━━━━━ Given records ━━━━━
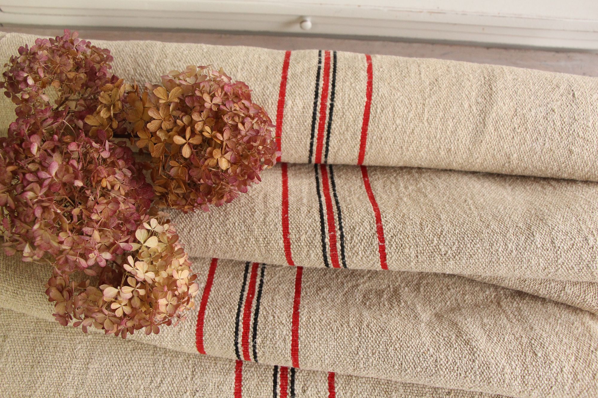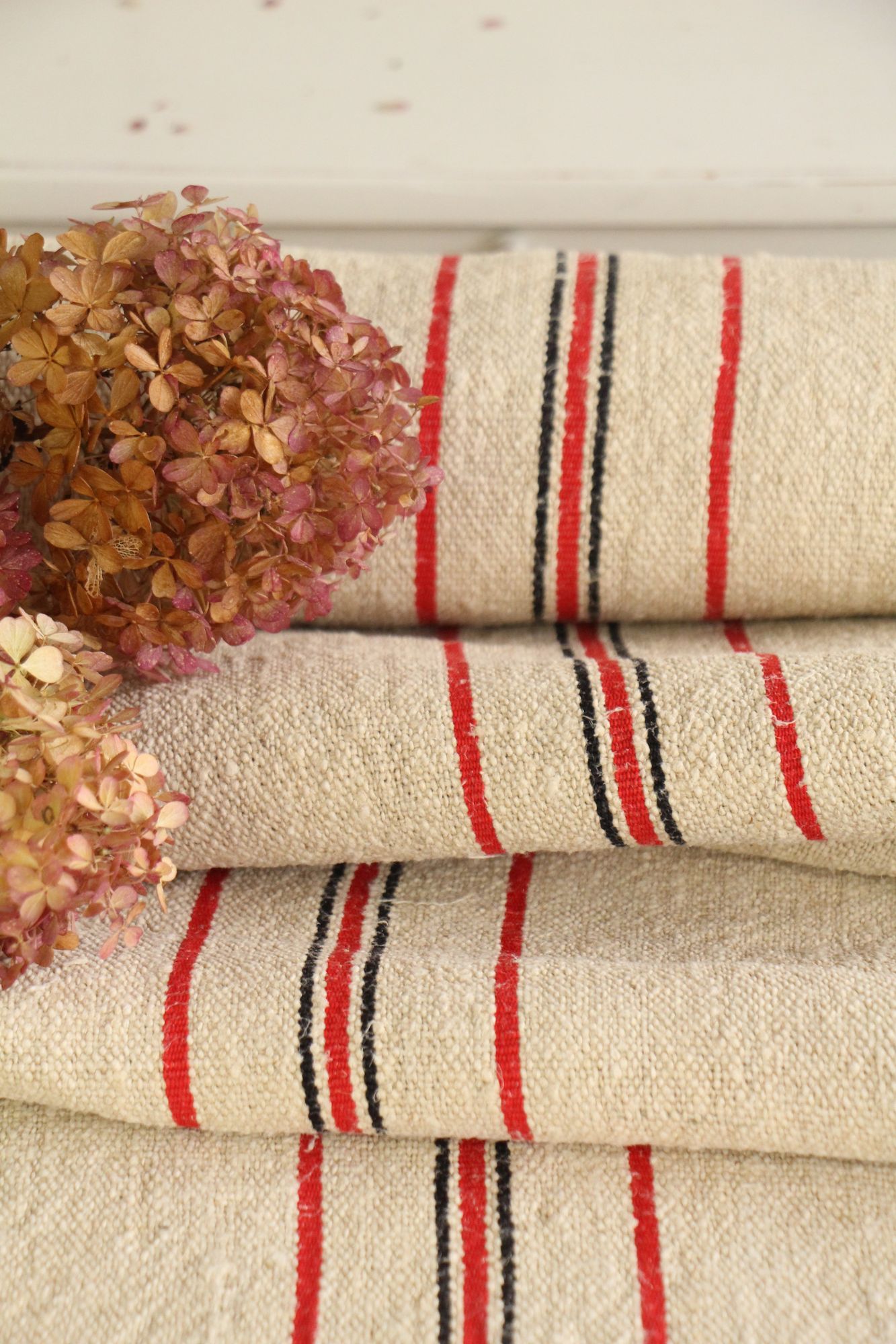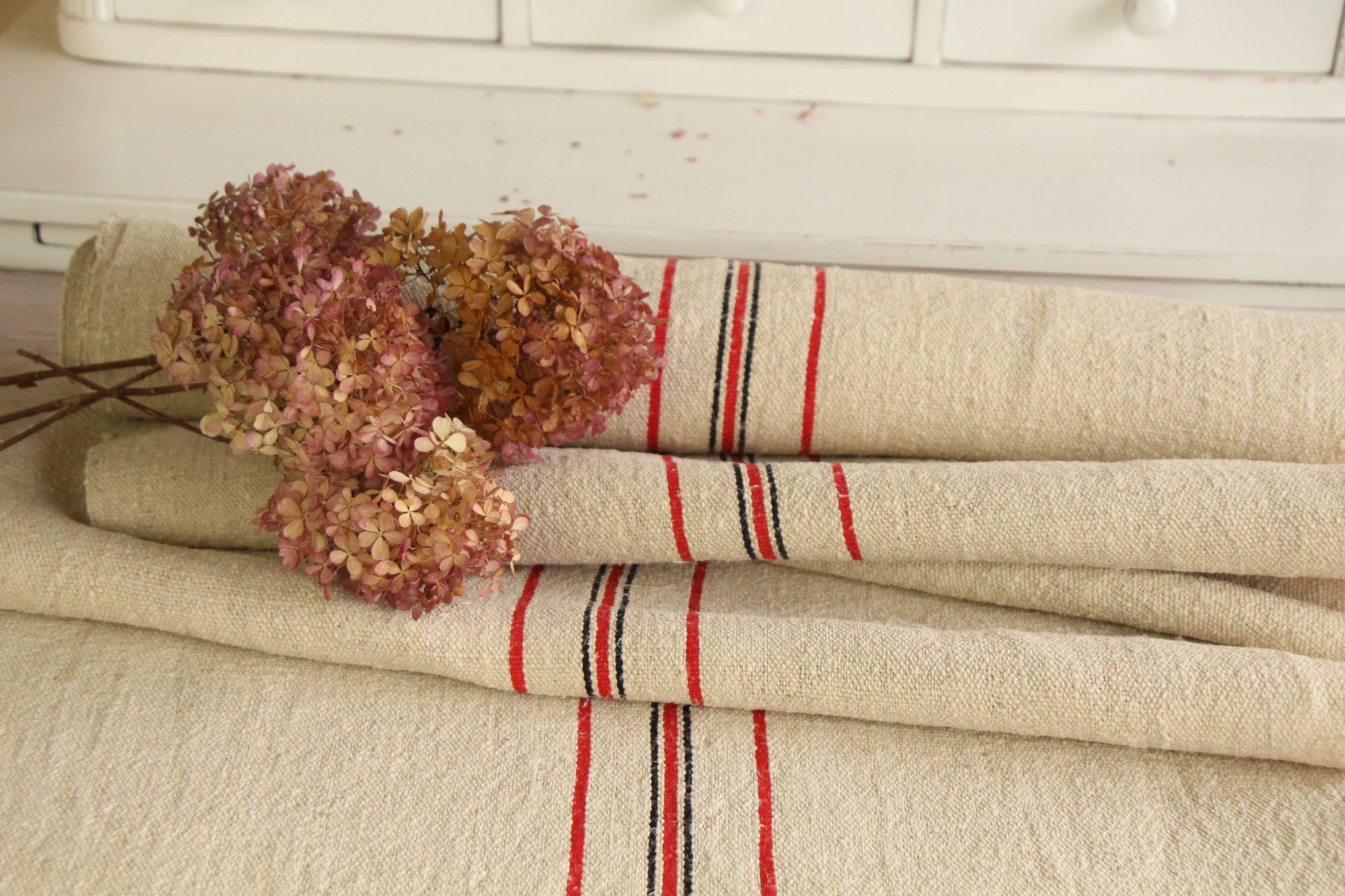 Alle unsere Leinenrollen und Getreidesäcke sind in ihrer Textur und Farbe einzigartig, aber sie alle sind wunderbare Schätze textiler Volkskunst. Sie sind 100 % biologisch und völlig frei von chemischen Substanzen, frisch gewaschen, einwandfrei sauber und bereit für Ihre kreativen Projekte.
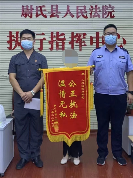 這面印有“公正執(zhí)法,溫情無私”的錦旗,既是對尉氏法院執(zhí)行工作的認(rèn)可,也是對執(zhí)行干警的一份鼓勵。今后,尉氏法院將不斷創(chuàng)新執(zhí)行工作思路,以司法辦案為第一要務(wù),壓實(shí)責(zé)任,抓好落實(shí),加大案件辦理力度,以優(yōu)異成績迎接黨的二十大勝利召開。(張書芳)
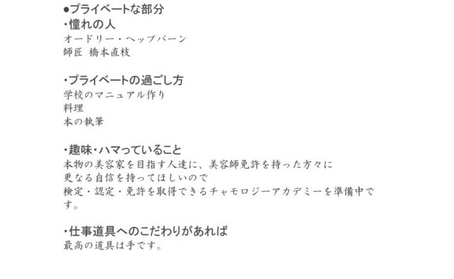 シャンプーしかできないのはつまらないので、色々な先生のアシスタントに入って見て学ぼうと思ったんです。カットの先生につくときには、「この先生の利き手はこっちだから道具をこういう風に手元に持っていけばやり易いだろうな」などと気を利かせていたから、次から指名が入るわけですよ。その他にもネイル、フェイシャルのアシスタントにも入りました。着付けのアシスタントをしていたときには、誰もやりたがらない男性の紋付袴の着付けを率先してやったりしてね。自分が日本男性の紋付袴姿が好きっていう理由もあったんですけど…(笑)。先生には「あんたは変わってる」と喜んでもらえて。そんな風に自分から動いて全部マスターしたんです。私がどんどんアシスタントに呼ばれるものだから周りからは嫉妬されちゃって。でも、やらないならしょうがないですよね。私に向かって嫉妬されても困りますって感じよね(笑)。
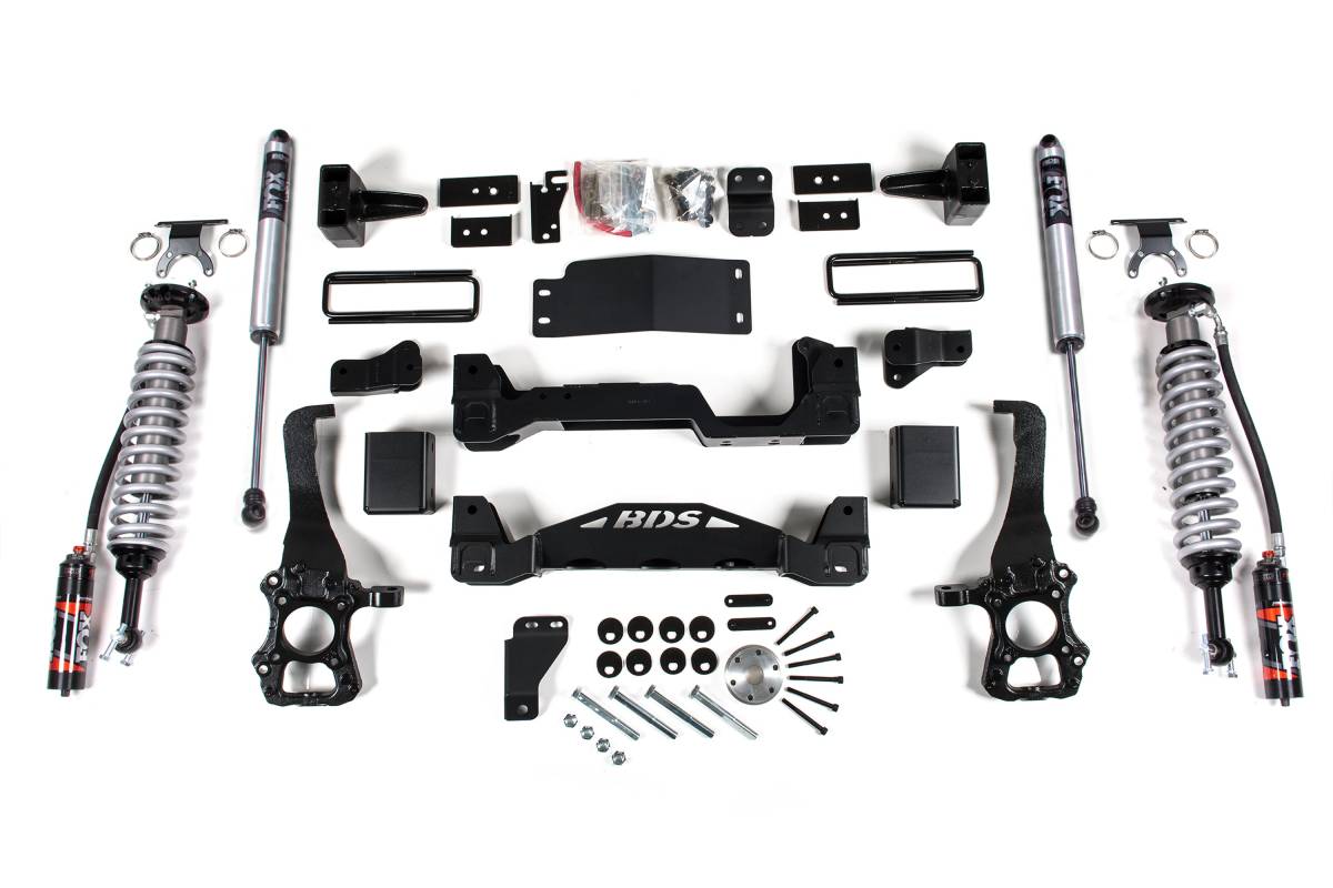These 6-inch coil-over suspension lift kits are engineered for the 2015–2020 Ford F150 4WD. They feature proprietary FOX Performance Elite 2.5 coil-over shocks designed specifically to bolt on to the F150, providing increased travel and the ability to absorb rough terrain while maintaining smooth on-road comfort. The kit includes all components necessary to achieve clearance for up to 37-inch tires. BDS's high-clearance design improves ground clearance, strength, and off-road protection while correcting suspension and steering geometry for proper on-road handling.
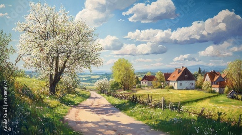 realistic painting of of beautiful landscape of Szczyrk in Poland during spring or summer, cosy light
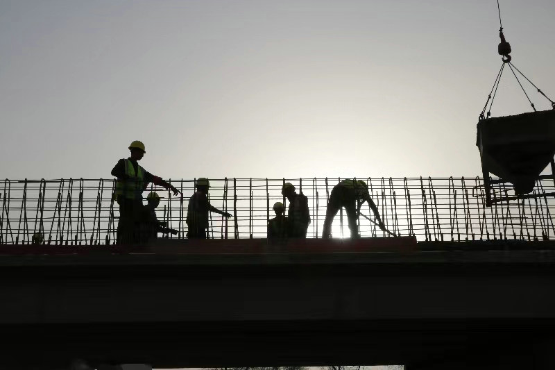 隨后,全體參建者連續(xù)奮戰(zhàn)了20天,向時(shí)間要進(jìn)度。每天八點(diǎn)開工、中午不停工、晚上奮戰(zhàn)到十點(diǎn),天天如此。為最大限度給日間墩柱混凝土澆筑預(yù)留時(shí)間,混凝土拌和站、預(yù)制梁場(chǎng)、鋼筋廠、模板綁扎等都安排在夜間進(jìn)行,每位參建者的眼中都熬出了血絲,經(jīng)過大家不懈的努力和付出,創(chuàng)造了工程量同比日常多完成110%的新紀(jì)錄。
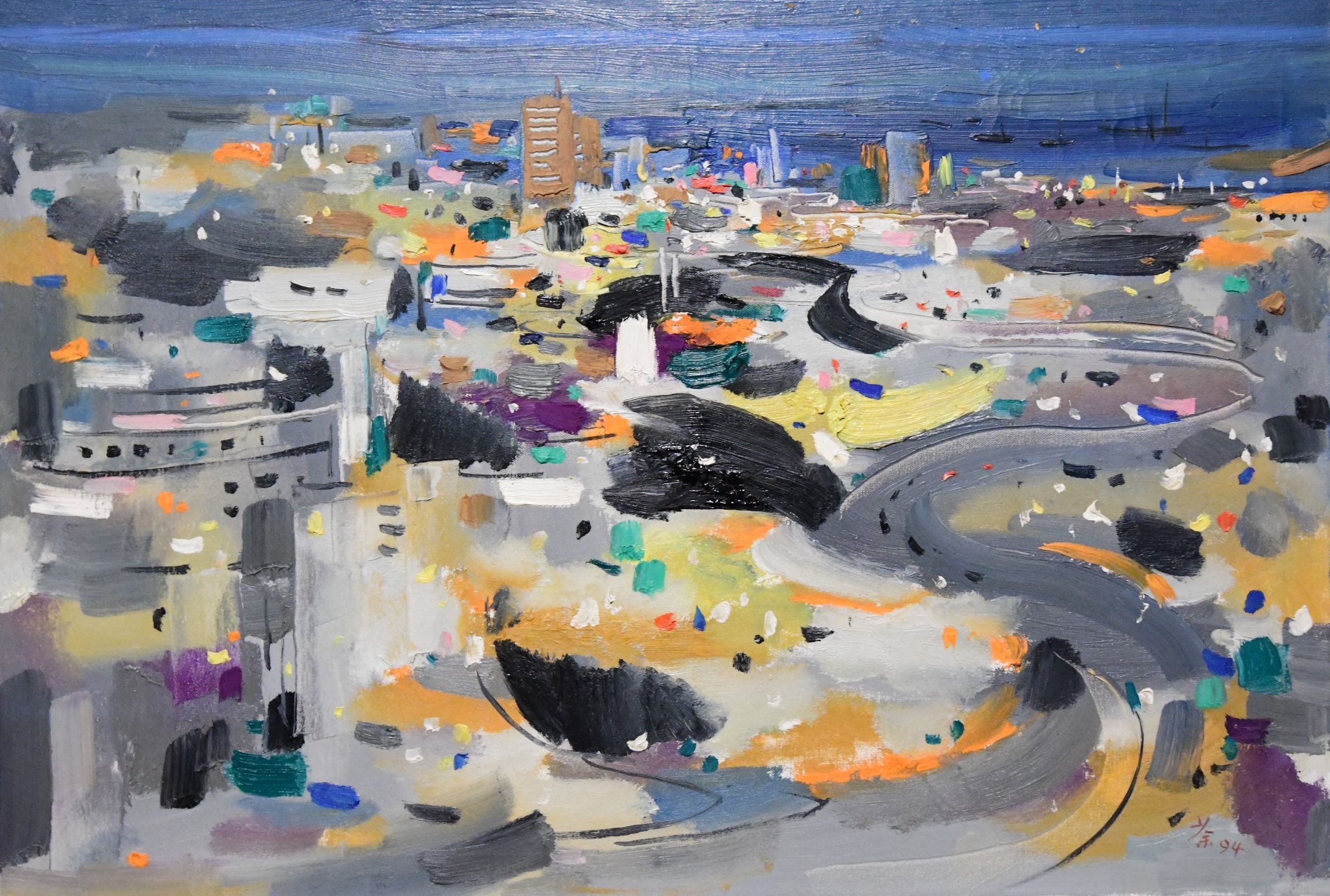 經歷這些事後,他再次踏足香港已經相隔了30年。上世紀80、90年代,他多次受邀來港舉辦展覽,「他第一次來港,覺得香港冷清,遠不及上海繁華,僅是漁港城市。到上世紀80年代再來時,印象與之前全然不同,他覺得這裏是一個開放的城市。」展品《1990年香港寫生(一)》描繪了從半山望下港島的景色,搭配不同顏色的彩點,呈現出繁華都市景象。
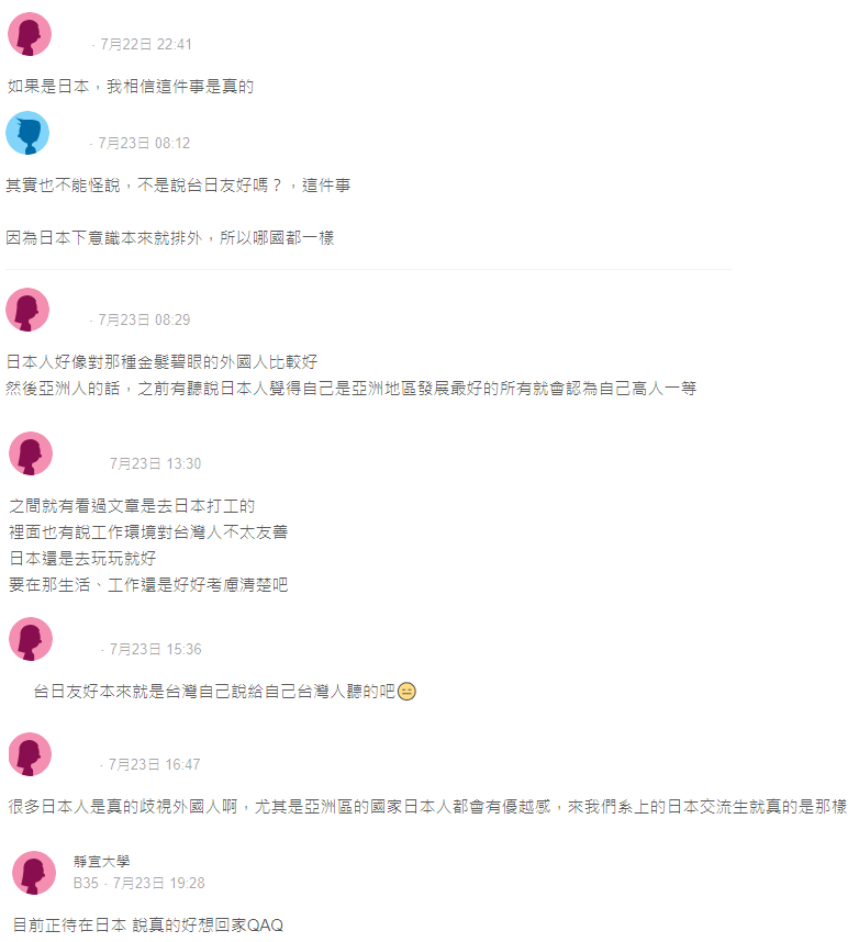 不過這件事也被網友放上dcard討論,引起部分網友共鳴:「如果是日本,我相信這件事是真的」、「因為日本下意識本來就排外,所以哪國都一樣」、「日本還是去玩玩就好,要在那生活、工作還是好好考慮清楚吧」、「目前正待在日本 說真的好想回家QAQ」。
━━━━━
Print exactly the lines from the first line of the records above through the line containing "realistic painting of", leaving out the pictures.

 Alle unsere Leinenrollen und Getreidesäcke sind in ihrer Textur und Farbe einzigartig, aber sie alle sind wunderbare Schätze textiler Volkskunst. Sie sind 100 % biologisch und völlig frei von chemischen Substanzen, frisch gewaschen, einwandfrei sauber und bereit für Ihre kreativen Projekte.
 這面印有“公正執(zhí)法,溫情無私”的錦旗,既是對尉氏法院執(zhí)行工作的認(rèn)可,也是對執(zhí)行干警的一份鼓勵。今后,尉氏法院將不斷創(chuàng)新執(zhí)行工作思路,以司法辦案為第一要務(wù),壓實(shí)責(zé)任,抓好落實(shí),加大案件辦理力度,以優(yōu)異成績迎接黨的二十大勝利召開。(張書芳)
 シャンプーしかできないのはつまらないので、色々な先生のアシスタントに入って見て学ぼうと思ったんです。カットの先生につくときには、「この先生の利き手はこっちだから道具をこういう風に手元に持っていけばやり易いだろうな」などと気を利かせていたから、次から指名が入るわけですよ。その他にもネイル、フェイシャルのアシスタントにも入りました。着付けのアシスタントをしていたときには、誰もやりたがらない男性の紋付袴の着付けを率先してやったりしてね。自分が日本男性の紋付袴姿が好きっていう理由もあったんですけど…(笑)。先生には「あんたは変わってる」と喜んでもらえて。そんな風に自分から動いて全部マスターしたんです。私がどんどんアシスタントに呼ばれるものだから周りからは嫉妬されちゃって。でも、やらないならしょうがないですよね。私に向かって嫉妬されても困りますって感じよね(笑)。
These 6-inch coil-over suspension lift kits are engineered for the 2015–2020 Ford F150 4WD. They feature proprietary FOX Performance Elite 2.5 coil-over shocks designed specifically to bolt on to the F150, providing increased travel and the ability to absorb rough terrain while maintaining smooth on-road comfort. The kit includes all components necessary to achieve clearance for up to 37-inch tires. BDS's high-clearance design improves ground clearance, strength, and off-road protection while correcting suspension and steering geometry for proper on-road handling.
 realistic painting of of beautiful landscape of Szczyrk in Poland during spring or summer, cosy light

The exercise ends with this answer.